■ **Recorded information**:
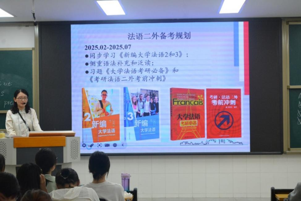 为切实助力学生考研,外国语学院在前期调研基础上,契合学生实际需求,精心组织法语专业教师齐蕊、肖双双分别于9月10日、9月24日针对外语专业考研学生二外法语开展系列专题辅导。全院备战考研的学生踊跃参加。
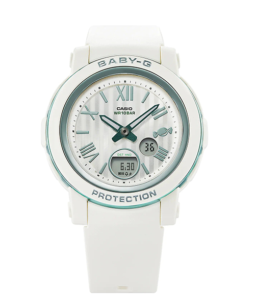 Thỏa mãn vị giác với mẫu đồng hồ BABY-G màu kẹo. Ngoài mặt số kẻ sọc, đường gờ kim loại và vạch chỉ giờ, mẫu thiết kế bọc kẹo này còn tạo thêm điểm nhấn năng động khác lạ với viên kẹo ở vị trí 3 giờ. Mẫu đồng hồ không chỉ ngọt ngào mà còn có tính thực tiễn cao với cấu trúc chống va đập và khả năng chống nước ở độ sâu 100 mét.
* * *
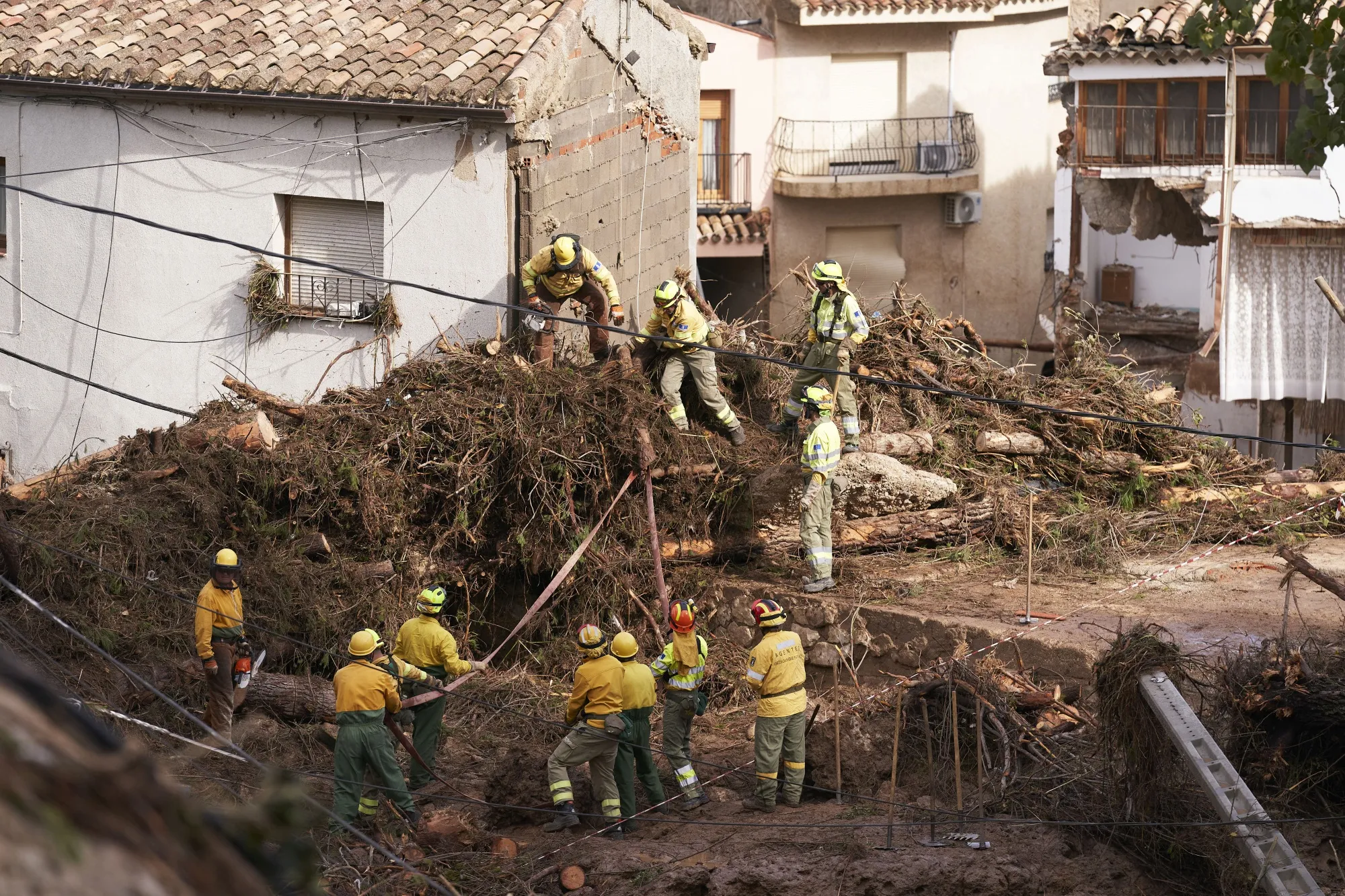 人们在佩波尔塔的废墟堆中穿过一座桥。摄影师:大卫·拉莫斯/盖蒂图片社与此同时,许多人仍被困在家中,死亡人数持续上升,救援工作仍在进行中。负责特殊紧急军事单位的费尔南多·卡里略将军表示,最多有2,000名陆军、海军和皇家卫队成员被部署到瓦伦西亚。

■ **What is expected**: Working from the entries above, please transcribe only the lines from the line with "为切实助力学生考研,外国语学" through the line with "Thỏa mãn vị", exactly, with both end lines and without pictures.

■ **Answer to the exercise**:
 为切实助力学生考研,外国语学院在前期调研基础上,契合学生实际需求,精心组织法语专业教师齐蕊、肖双双分别于9月10日、9月24日针对外语专业考研学生二外法语开展系列专题辅导。全院备战考研的学生踊跃参加。
 Thỏa mãn vị giác với mẫu đồng hồ BABY-G màu kẹo. Ngoài mặt số kẻ sọc, đường gờ kim loại và vạch chỉ giờ, mẫu thiết kế bọc kẹo này còn tạo thêm điểm nhấn năng động khác lạ với viên kẹo ở vị trí 3 giờ. Mẫu đồng hồ không chỉ ngọt ngào mà còn có tính thực tiễn cao với cấu trúc chống va đập và khả năng chống nước ở độ sâu 100 mét.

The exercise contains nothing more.